It is expected that if you move into a familiar investment anytime, even before the stability is restored to either the market or the industry that was hitherto awash with instability, you will do well indeed. However, this takes courage, conviction, and ability to disregard your emotions.
In most businesses in recent times, this is not the case. In spite of the above long known and established fact and expectation, many companies are still running into murky waters with their investments and relationships with their investors, just as the case with Etisalat Nigeria.
Initially, anonymous officials of the bank and the Nigerian Communication Commission (NCC), the industry regulatory agency, had disclosed that Etisalat Nigeria, which enjoys 14 percent Nigerian market share, would indeed be taken over by three Nigerian banks, the takeover being as a result of debts incurred by the Mobile Network over the years.
According to sources, Etisalat obtained loans — amounting to $1.72 billion — from a consortium of foreign and Nigerian banks in 2015 to facilitate reconstruction and expansion of Etisalat’s network operations here in Nigeria. Meanwhile, the banks are claiming that they are being pressured by Assets Management Company of Nigeria (AMCON) to reclaim the loan by all means.
It is expected that Etisalat Nigeria should have from the onset adopted a proactive approach by engaging a competent IR services team that effectively combines analysis and research, with strong experience in providing strategic counsel, to help them achieve measurable results from their financial communications efforts.
It is the team that ought to bring to bear a diversity of experience in investment banking, corporate finance, public policy, government affairs, corporate communications, journalism, academia and law to help Etisalat Nigeria tackle unique situations such as this.
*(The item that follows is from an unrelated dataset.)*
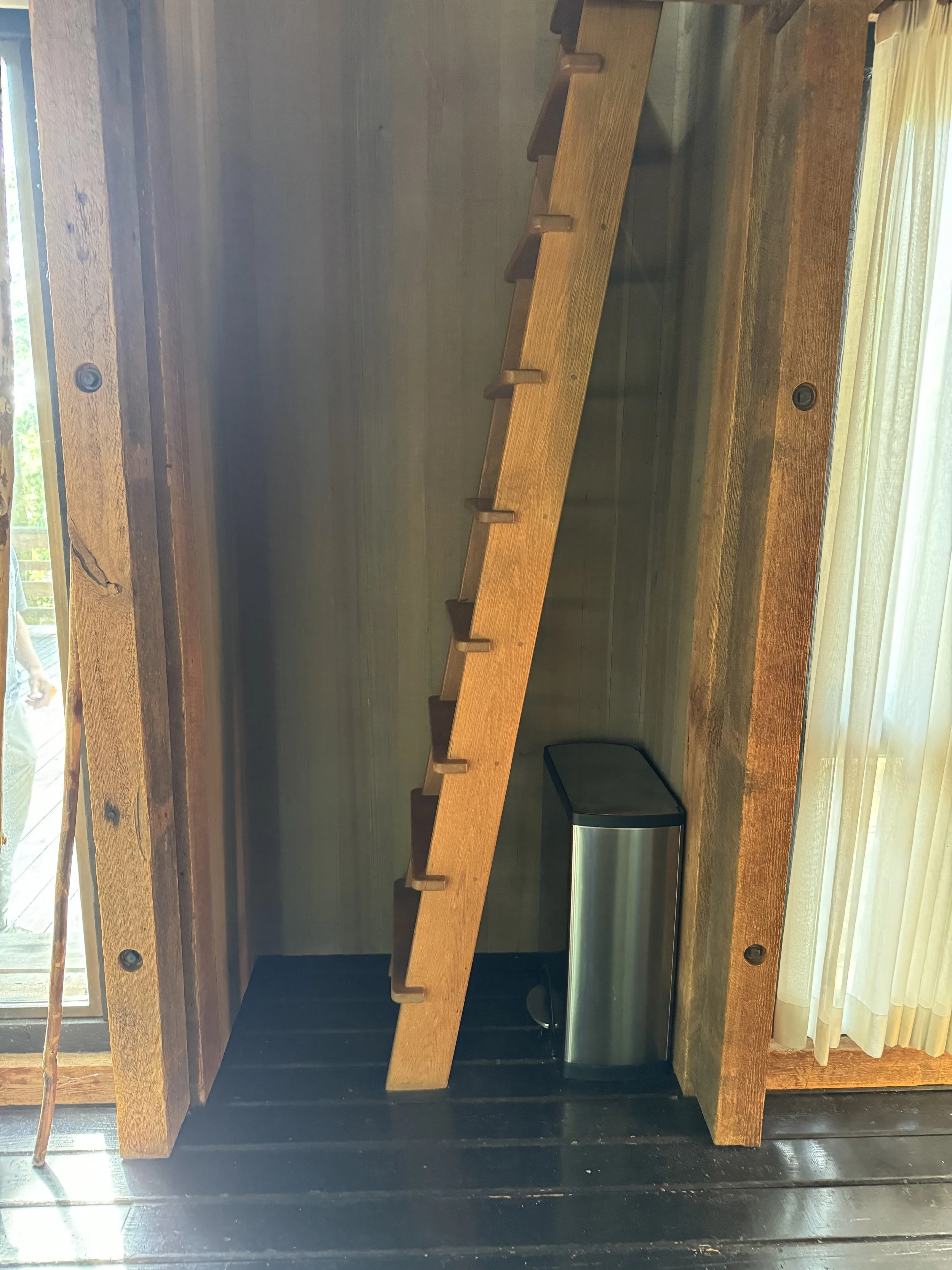 The original access to each loft was by ladder — charming, maybe, but definitely not code-compliant. From the start, my biggest challenge was figuring out how to make the lofts accessible within such a tiny footprint. Cutting too large an opening would steal precious square footage from the bedrooms below, yet leaving it as-is wasn’t an option. The solution? Semi-spiral staircases. They still don’t meet code (there simply isn’t the space), but they strike the perfect balance of function and design in a home this size. In the kitchen i turned the previous ladder access into an open pantry- So perfect for that niche!

This approach should have not only broadened the base of long-term investors, it should have also helped maximize shareholder value and reduce the company’s overall cost of capital. The ultimate goal of this approach should have by extension been to build the company’s corporate brand so that it is recognized as one of the leaders in its industry.
Entirely private company though, looking at the above issue, below are 7 key likely Investor Relations (IR) problems that Etisalat Nigeria ought to consider long before the debt case:
- Communicating long-term strategic vision: Etisalat Nigeria ought to seek and put in place an investment advisory team comprising investor relations managers that could communicate the company’s long-term strategic vision.
- Clarifying business strategies: With diversified backgrounds in finance, marketing, policy, law and communications, their investor relations team should have offered expertise at clarifying their business strategies.
Their IR team supposed to capture insight from important investment decision makers and influencers in order to convey the company’s story and messages.
- Creating management credibility: They should have communicated their economic proposition, while establishing, enhancing and protecting the management’s credibility.
- Creating investors’ confidence: It is their business strategy, if properly understood, that ought to create credibility for the future-value proposition of the company.
- Building investors’ confidence: To succeed in today’s environment, the company should have differentiated itself by building investors’ confidence in its ability to create measurable value.
- Articulating the business model: The foundation to the company’s corporate reputation among investors should have been to clearly define and articulate their business model.
- Shaping perceptions: Long before now, their IR team should have helped the company to shape perceptions so they accurately reflect the company’s growth potentials, performance, corporate reputation, goals and strategies.
In considering the above key investor relations facts, Etisalat Nigeria would have earlier enough considered and adopted compulsory (legal) and optional (self-regulatory) responsibility that integrates finance, communication, marketing and legal requirements for a smooth relationship with their various stakeholders. This unarguably would have helped to forestall the problem in which they have found themselves now in the country.